Pytorch Implementation of Spiking Neural Networks Calibration, ICML 2021

Overview

SNN_Calibration

Pytorch Implementation of Spiking Neural Networks Calibration, ICML 2021

Feature Comparison of SNN calibration:

Features SNN Direct Training ANN-SNN Conversion SNN Calibration
Accuract (T<100​) High Low High
Scalability to ImageNet Tiny Large Large
Training Speed Slow Fast Fast
# Required Data Full-set
(1.2M For ImageNet)
~1000 ~1000
Inference Speed Fast Slow Fast

Requirements

Pytorch 1.8

For ImageNet experiments, please be sure that you can initialize distributed environments

For CIFAR experiments, one GPU would suffice.

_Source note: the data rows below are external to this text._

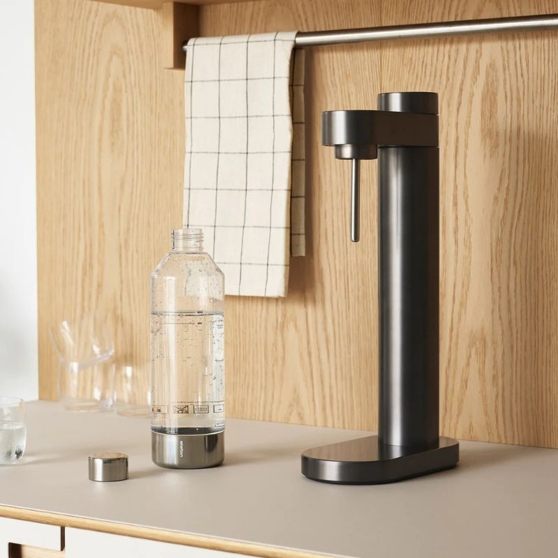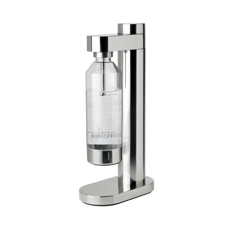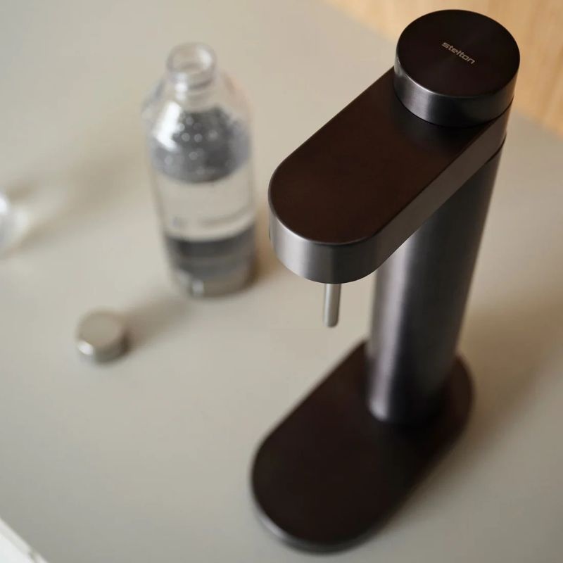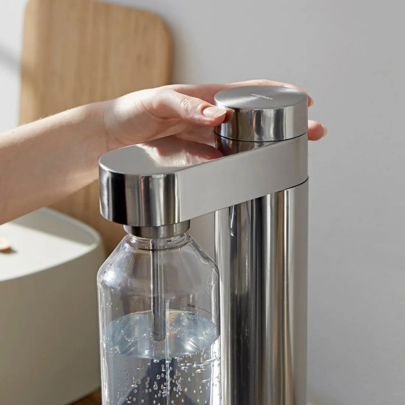 De cilindrische vorm verwijst naar Steltons iconische designlijn. Dankzij de draaiknop bepaal je zelf de hoeveelheid bubbels. De Brus Carbonator wordt geleverd met een herbruikbare Brus-fles en is compatibel met de meeste CO₂- gasflessen(425 g / 60 L), bijv. de Sodastream gasflessen.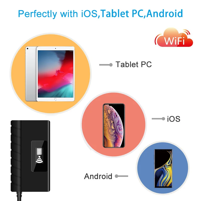 3. Совместим с устройствами IOS и Android: беспроводной и легко подключается к вашим устройствам на базе IOS или Android, просто необходимо установить приложение и подключить Wi-Fi к беспроводной эндоскопической инспекционной камере, он совместим с системными смартфонами Android 4,2 + и IOS 8 +. Он также позволяет просматривать изображения и видеозаписи компонентов непосредственно в устройстве смартфона.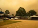 From 8 to 10 February 2014 I assisted at the Emergency Relief Centre in Cann River (VIC) where people sought refuge after the Princess Highway was closed off due to heavy smoke caused by fires in the region. On Sunday 9 February I took photos showing the emerging smoke which gradually changed the colour of the sky – by mid afternoon day had already turned into night.
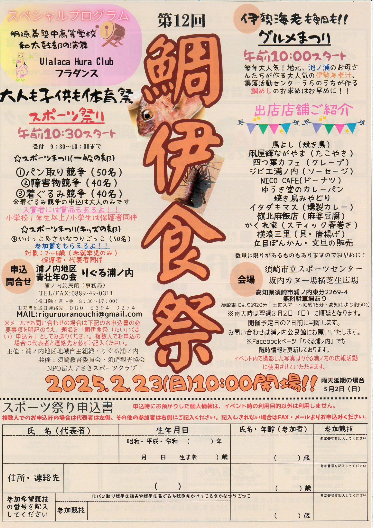 ※メールでお問い合わせの場合は下記のお申込書の必要事項を明記のうえ、題名を「鯛伊食祭(たいいくさい)申込み」としてお送りください。複数人でお申込の場合は代表者と連絡先を必ずご記入ください。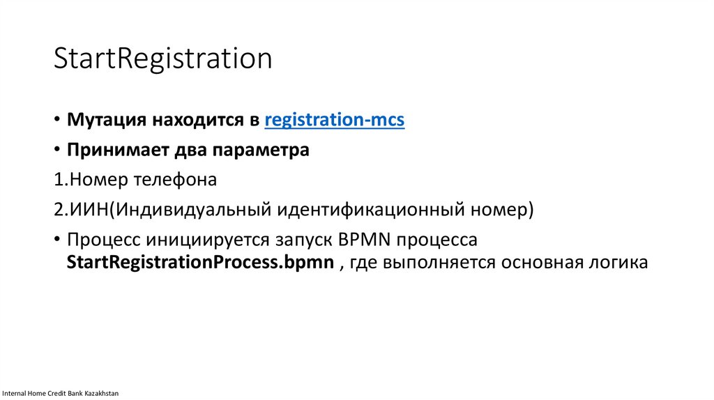 BPMN процесс startRegistration.bpmnInternal Home Credit Bank Kazakhstan
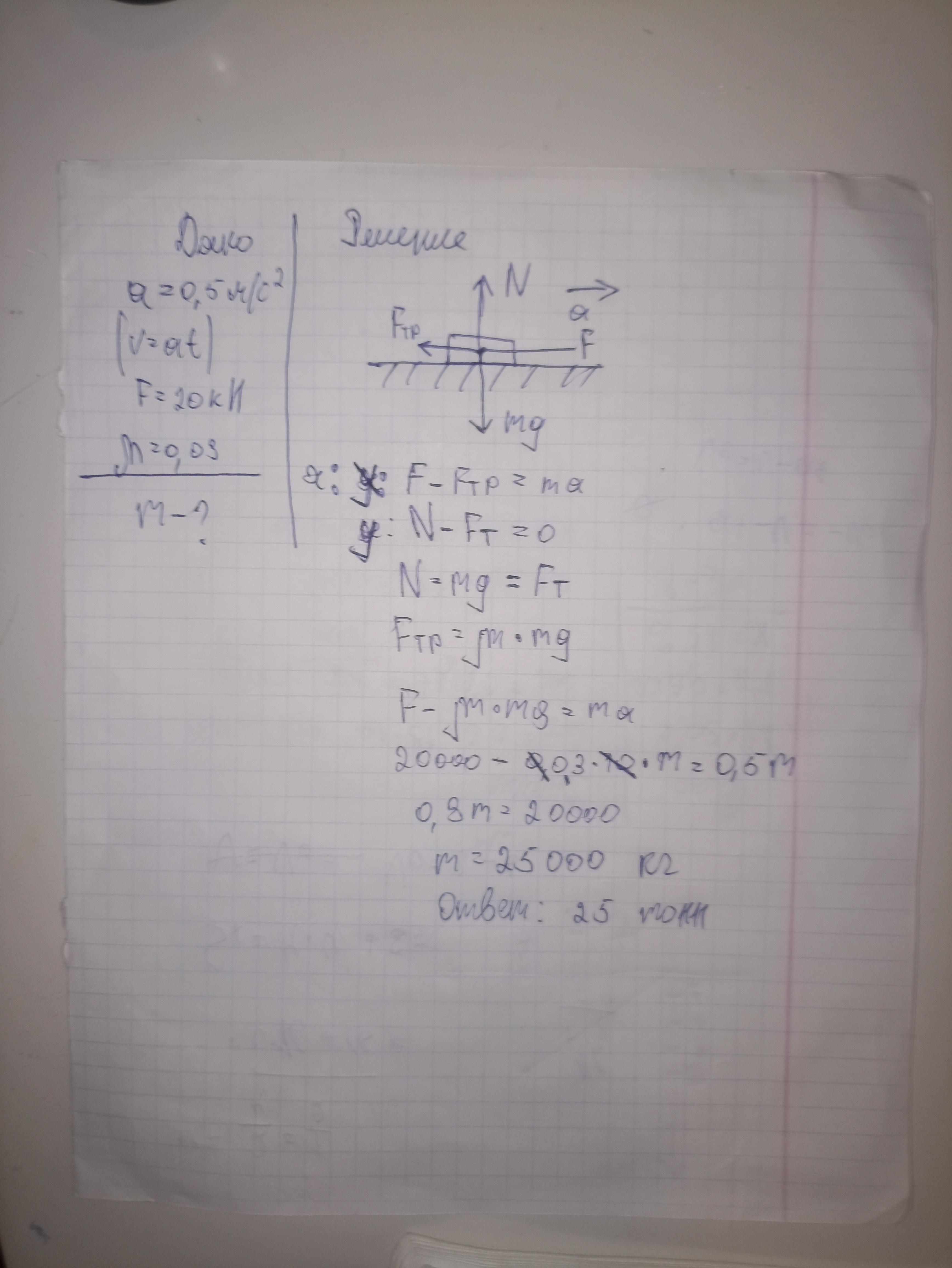 Найдите массу автобуса, который, движется так, что его проекция скорости на направление движения изменяется по закону vx=0.5t. Если сила тяги равна 20кН, а коэффициент трения движения равен 0,03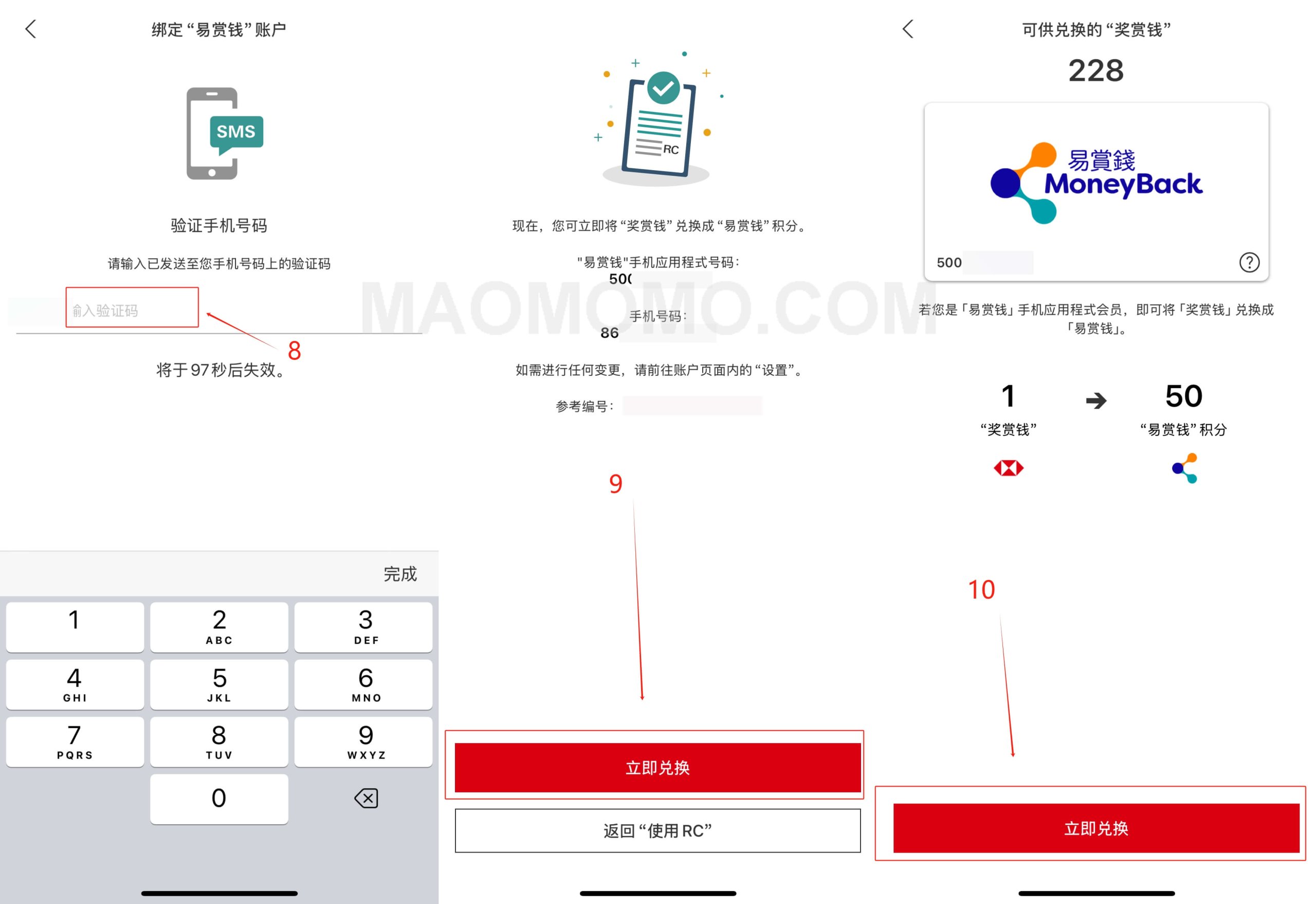 4.然后【Reward+】需要验证你的手机号,输入验证码后绑定【易赏钱】成功,再点击【立即兑换】将RC兑换成易赏钱积分,如下图8-10步: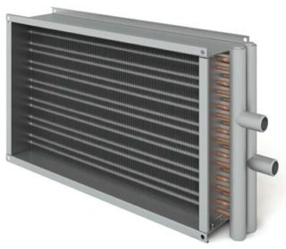 - L'eau. Ce sont des appareils dans lesquels l'eau circule dans des tuyaux. Il est utilisé dans les systèmes de ventilation des locaux publics et industriels. Il est nécessaire d'installer une unité de tuyauterie pour un chauffe-eau.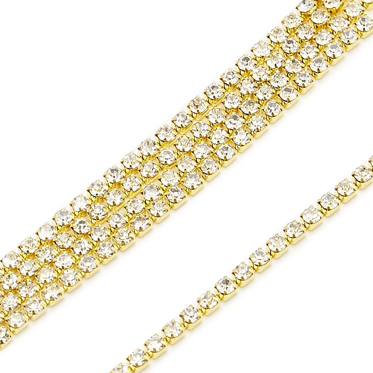 Стразы на цепочке – универсальная основа для авторской бижутерии. Формат цепочек позволяет быстро формировать ряд желаемой формы, а не крепить элементы по одному. Такие стразы можно использовать для оригинальных поделок, например: – создавать изящную бижутерию – броши, колье, браслеты; – мастерить нарядные заколки, ободки и другие украшения для волос; – расшивать праздничную одежду из плотных материалов, костюмы для выступлений. Стразы изготовлены из стекла, которое длительно сохраняет яркий блеск. Крепления металлические, имитация золота. Цвет страз: прозрачный. Размер страза – 2,5 мм, длина цепочки – 9,14 м.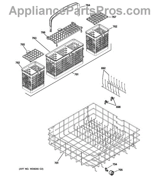 The Silverware Basket Assembly is an OEM replacement part for GE dishwashers. It is a specialized basket designed to hold and secure utensils, flatware, and other small items during the dishwashing cycle. It is important to note that if your original basket was a 3-piece design, the manufacturer has updated this part to a more convenient 1-piece design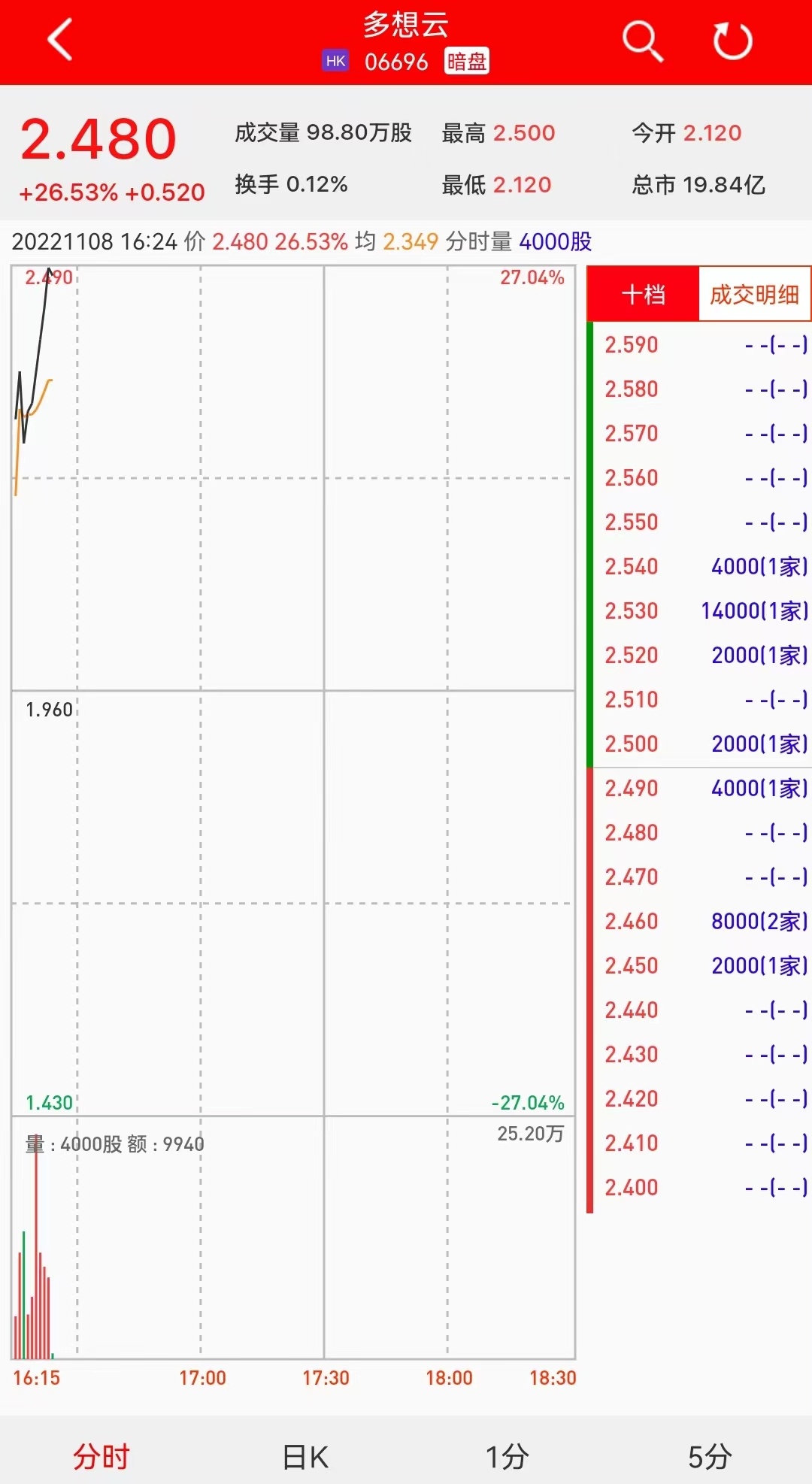 智通财经APP获悉,多想云(06696)将于11月9日(周三)在香港挂牌。截至发稿,利弗莫尔证券暗盘交易显示报价2.480港元,较招股价1.960港元涨26.53%。每手2000股,不计手续费,每手赚1040港元。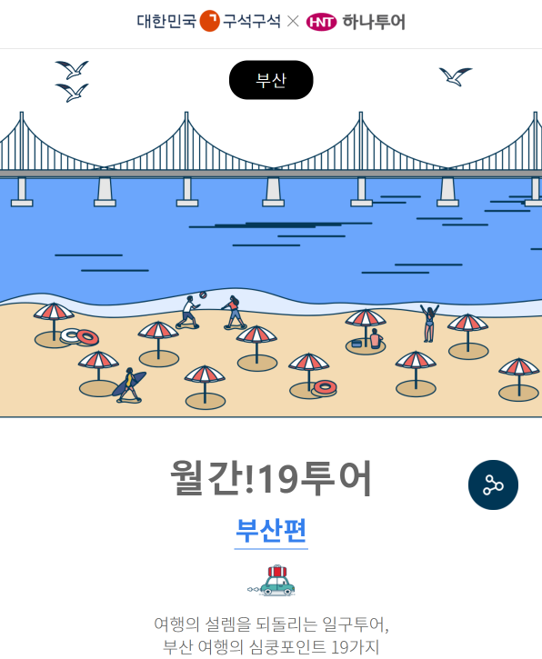 19투어는 하나투어의‘1’과 대한민국 구석구석의‘9’를 더해 국내여행정보 대표 사이트와 대표 여행사가 만나 국내 여행업계 상생협력 플랫폼을 만들고자 하는 협업 프로젝트를 뜻한다.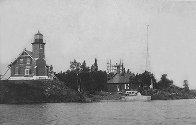 Eagle Harbor Light in 1905. Note the erection of the new brick chimney on the fog signal building Photograph courtesy of the Bill Boutwell collection. Appears with permission
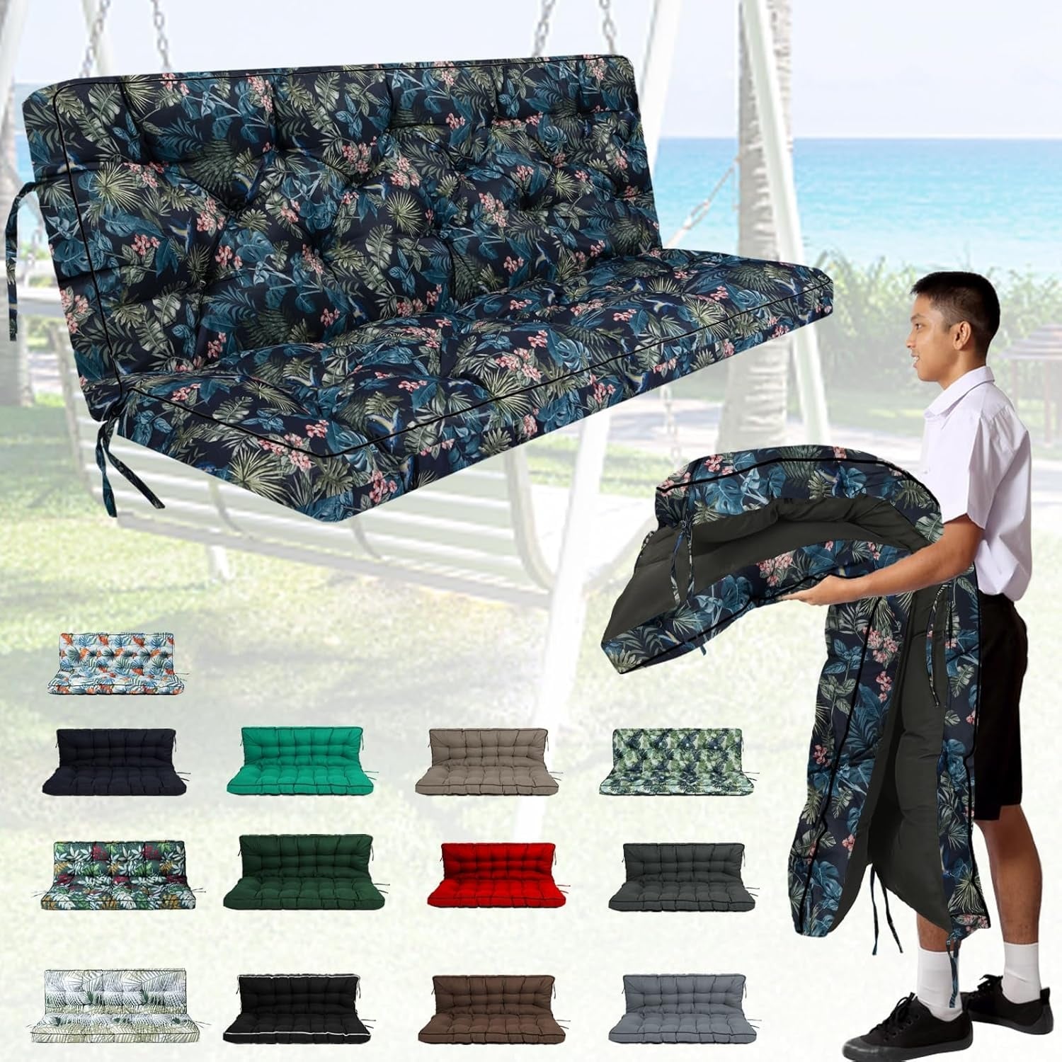 Waterproof Outdoor Porch Swing Cushion with Backrest, Thickened Patio Bench Cushion for 2/3 Seater, 55x40 Inches

Pre-training ANN on CIFAR10&100

Train an ANN model with main_train.py

python CIFAR/main_train.py --dataset CIFAR10 --arch VGG16 --dpath PATH/TO/DATA --usebn

Pre-trained results:

Dataset Model Random Seed Accuracy
CIFAR10 VGG16 1000 95.76
CIFAR10 ResNet-20 1000 95.68
CIFAR100 VGG16 1000 77.98
CIFAR100 ResNet-20 1000 76.52

SNN Calibration on CIFAR10&100

Calibrate an SNN with main_calibration.py.

python CIFAR/main_calibration.py --dataset CIFAR10 --arch VGG16 --T 16 --usebn --calib advanced --dpath PATH/TO/DATA

--T is the time step, --calib is the calibration method, please use none, light, advanced for experiments.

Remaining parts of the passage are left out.